» **Work request**: For the listing below, return the line containing "2. This is a", the line containing "Obverse: Lee &", and all lines in between, exactly as written and nothing else.

» **Information supplied**:

- - - -

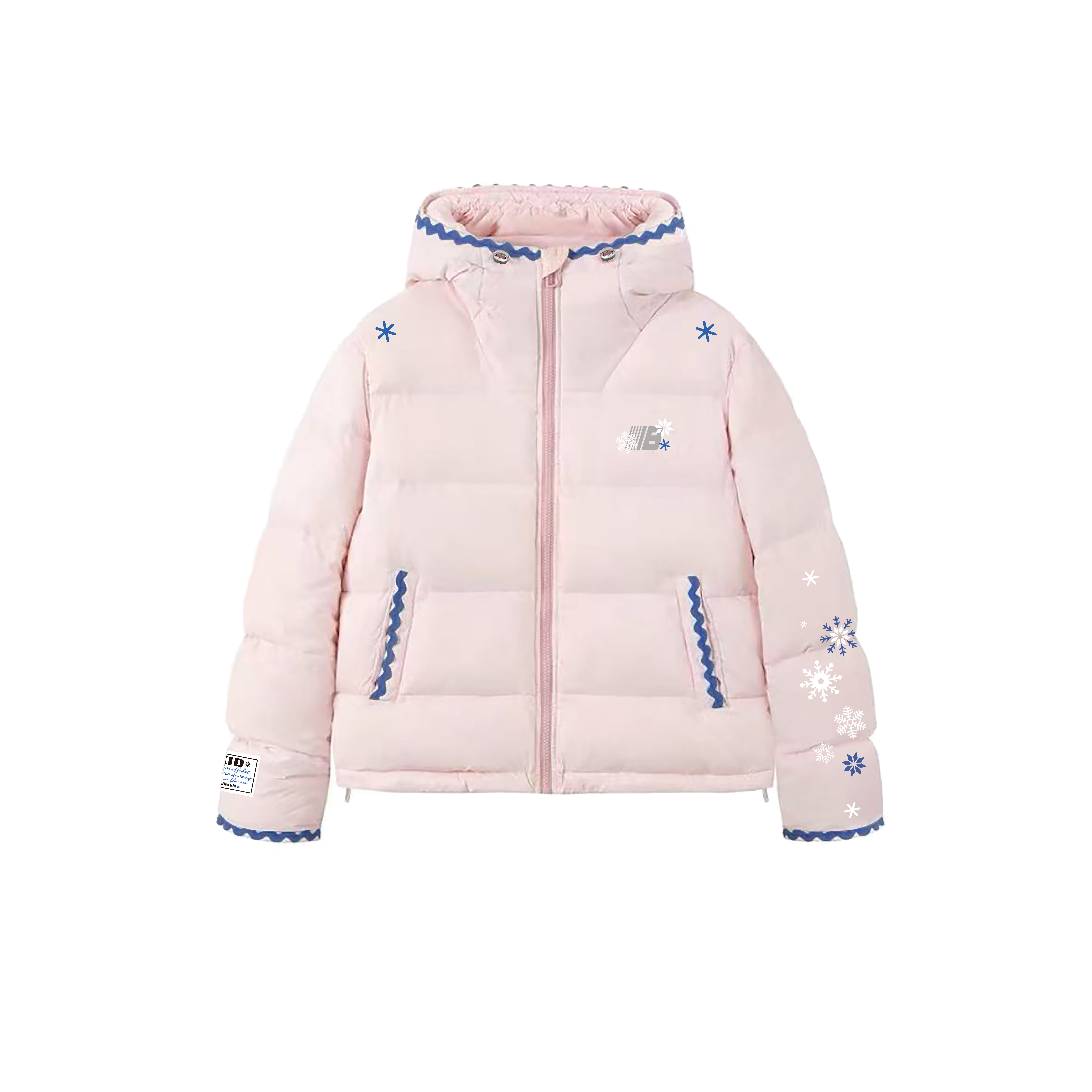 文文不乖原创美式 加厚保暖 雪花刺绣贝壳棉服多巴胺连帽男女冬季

- - - -

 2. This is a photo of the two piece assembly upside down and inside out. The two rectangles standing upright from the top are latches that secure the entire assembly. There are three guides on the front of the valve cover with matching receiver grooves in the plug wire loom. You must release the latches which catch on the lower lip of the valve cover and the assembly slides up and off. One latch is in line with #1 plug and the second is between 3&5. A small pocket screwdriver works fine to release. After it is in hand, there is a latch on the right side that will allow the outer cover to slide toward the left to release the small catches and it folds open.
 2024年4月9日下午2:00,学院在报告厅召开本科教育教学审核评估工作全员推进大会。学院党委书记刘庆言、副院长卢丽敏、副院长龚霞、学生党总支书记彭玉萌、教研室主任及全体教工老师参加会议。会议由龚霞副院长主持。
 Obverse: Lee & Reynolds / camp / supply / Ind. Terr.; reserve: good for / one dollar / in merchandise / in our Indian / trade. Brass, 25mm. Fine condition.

- - - -

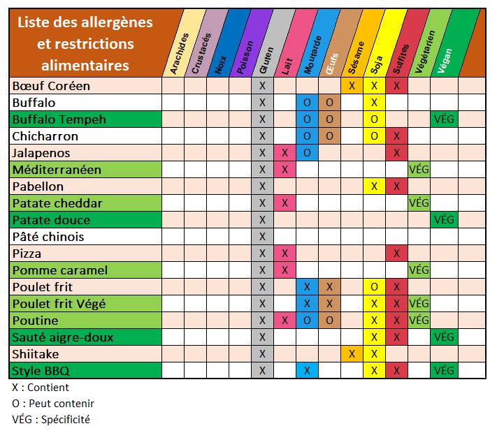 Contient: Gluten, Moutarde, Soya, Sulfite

- - - -

» **Answer section**:
 2. This is a photo of the two piece assembly upside down and inside out. The two rectangles standing upright from the top are latches that secure the entire assembly. There are three guides on the front of the valve cover with matching receiver grooves in the plug wire loom. You must release the latches which catch on the lower lip of the valve cover and the assembly slides up and off. One latch is in line with #1 plug and the second is between 3&5. A small pocket screwdriver works fine to release. After it is in hand, there is a latch on the right side that will allow the outer cover to slide toward the left to release the small catches and it folds open.
 2024年4月9日下午2:00,学院在报告厅召开本科教育教学审核评估工作全员推进大会。学院党委书记刘庆言、副院长卢丽敏、副院长龚霞、学生党总支书记彭玉萌、教研室主任及全体教工老师参加会议。会议由龚霞副院长主持。
 Obverse: Lee & Reynolds / camp / supply / Ind. Terr.; reserve: good for / one dollar / in merchandise / in our Indian / trade. Brass, 25mm. Fine condition.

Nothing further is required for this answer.